The doctors’ comments in a letter to Judge Frank bear quoting:

“We are extremely dismayed by the U.S. Attorney General’s decision to enter into a plea agreement with Guidant LLC, rather than prosecute the company and the individuals responsible for this egregious act.

“On behalf of the patients who died or suffered pain and mental anguish as the direct result of Guidant’s illegal and unethical behavior, we urge you not to accept the plea agreement.

“To allow a repeat offender, like Guidant, to escape with a fine (that is entirely borne by the shareholders of Boston Scientific) does not hold the guilty parties fully accountable and inevitably undermines patient safety.”

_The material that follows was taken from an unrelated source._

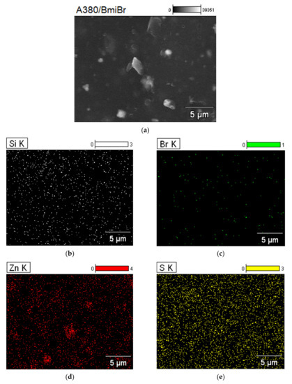 Scanning electron microscopy (SEM) image and Energy-dispersive X-ray spectroscopy (EDS) maps for A380-filled vulcanizate containing BmiBr: (a) SEM image; (b) EDS map for Si; (c) EDS map for Br; (d) EDS map for S; (e) EDS map for Zn.
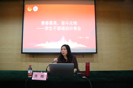 最后,她结合自身,从员工干部应具备基本礼仪、基本素质、基本意识与应处理好若干关系五个方面重点讲述“如何成为一名优秀的员工干部”。她指出,一名优秀的员工干部,必备四个要素,即政治素质、学习能力强、卓越的执行能力、优雅的人格魅力,四者相辅相成,才能出色地完成任务。除此之外,她强调员工干部还要有责任意识,对待和处理各种问题要客观、实事求是和贴近同学,及时与老师沟通反映,同时要站在一定高度去思考,积极配合,妥善解决问题。

Whether the judge heeds the words of these physicians or not remains to be seen. What is absolutely laudatory is the fact that these physicians have expressed their outrage as to this manufacturer’s conduct.  Are they not correct – the money paid both through civil settlements and, if approved, by virtue of the criminal charges will be “entirely borne” by the company’s shareholders? Where is the personal accountability for this outrageous conduct?  Our system of justice is one not only of compensation to the victims of such heinous conduct but also should serve to deter other individuals from taking the same life-threatening conduct in the future.  There is nothing like a good long jail sentence for those involved in this horrible scheme to deter other corporate executives from going down the same path of profit at all costs – even to human life.

Dental Malpractice: Wisdom Teeth Removal Leads to Death and Verdict in Excess of $10million – NJ

April 24, 2010

Francis Keller, 21, presented to Dr. John S. Madras complaining of pain in his gums. Mr. Keller was told he needed a routine cleaning and that his wisdom teeth would need to be removed.

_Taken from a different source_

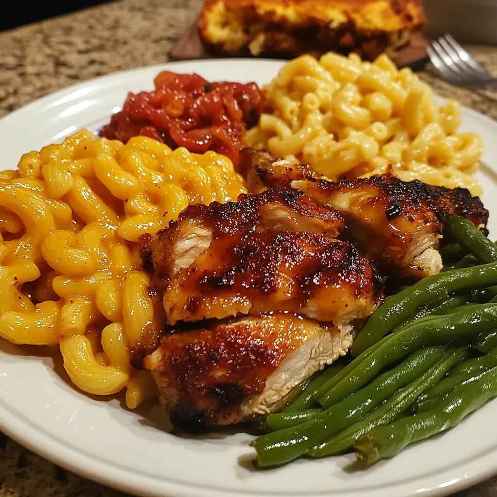 This chicken pairs beautifully with macaroni and cheese, roasted vegetables, or a fresh garden salad for a well-rounded meal.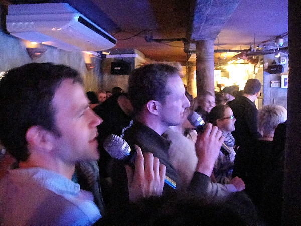 January 16 – The University Glee Club of New York hosted the Cornell Glee Club for a concert at Alice Tully Hall that Andy, a fervent Cornell alum, bought tickets for, so I went along, like a good boyfriend. It’s kind of wacky watching a stage full of 100 almost-all-white alter kockers crooning sea chanties and Negro spirituals. The Cornell undergrads were a little crisper and more interesting musically. Their a capella doo-wop subset, the Hangovers, did a lovely rendition of “Fire and Rain.” Both clubs did a couple of numbers together, and then the conductor invited all the Cornell Glee Club alums in the audience to join them onstage for the school cheer and alma mater. Andy, a former Hangover, ran up to the stage as if his pants were on fire. Very sweet, however dorky. There was a black-tie reception afterwards, so we even wore tuxedoes! But the reception looked pretty stodgy so we bailed fast and wound up at Bartini, where Andy’s swimming-team mates were celebrating Win’s birthday. Whew! Talk about packt like a tin of sardines! And when the DJ sprayed the crowd with Lady Gaga’s “Bad Romance,” the three queens next to me went apeshit, practically tossing the furniture in the air with drunken glee. As they left, one of them said to me, “I’m so sorry you had to see that. We don’t get out much….”

Mr. Keller returned a few days later for his cleaning, but, having informed Dr. Madras of his angioedema condition (a genetic immunity disorder with severe risk for swelling from incurring trauma to the hands or face), the cleaning was deferred. The dental hygienist contacted Dr. Richard Goldstein and was informed that Mr. Keller could not undergo any dental procedure until medically cleared.

Dr. Madras referred Mr. Keller to Dr. George Flugrad for wisdom teeth removal, and the procedure was performed on August 4, 2005. The following day, Mr. Keller awoke with difficulty breathing. Within the next fifteen minutes, his throat swelled causing suffocation.

Doctors Madras, Goldstein and Flugrad were all named as defendants in the case. During the trial, there was apparently great debate over whether Dr. Flugrad had been informed of Mr. Keller’s condition, and whether the patient had actually been cleared for surgery. The following is from the report of the case provided by Verdict Search.

Counsel for Flugrad and Madaras both argued that Keller was comparatively negligent, as he had been well advised of the risks of surgery. Counsel for Flugrad also contended that Keller claimed he had been cleared for surgery.

Counsel for Flugrad also claimed that Madaras telephoned him during the evening of Aug. 4 and they discussed Keller, but Madaras never mentioned that Keller’s physician had not given him medical clearance for dental surgery. Counsel also argued that Keller claimed he had been cleared for surgery.

Madaras admitted to speaking to Flugrad on the telephone on Aug. 4, but claimed there was no discussion about Keller, rather that the call was simply to wish Flugrad well on a two-week vacation he was commencing on Aug. 5.

The jury appears to have resolved the conflict in the patient’s favor – Dr. Goldstein settled with the family for a sum of $250,000; a New Jersey jury awarded Mr. Keller’s family a verdict of $10,200,00.00.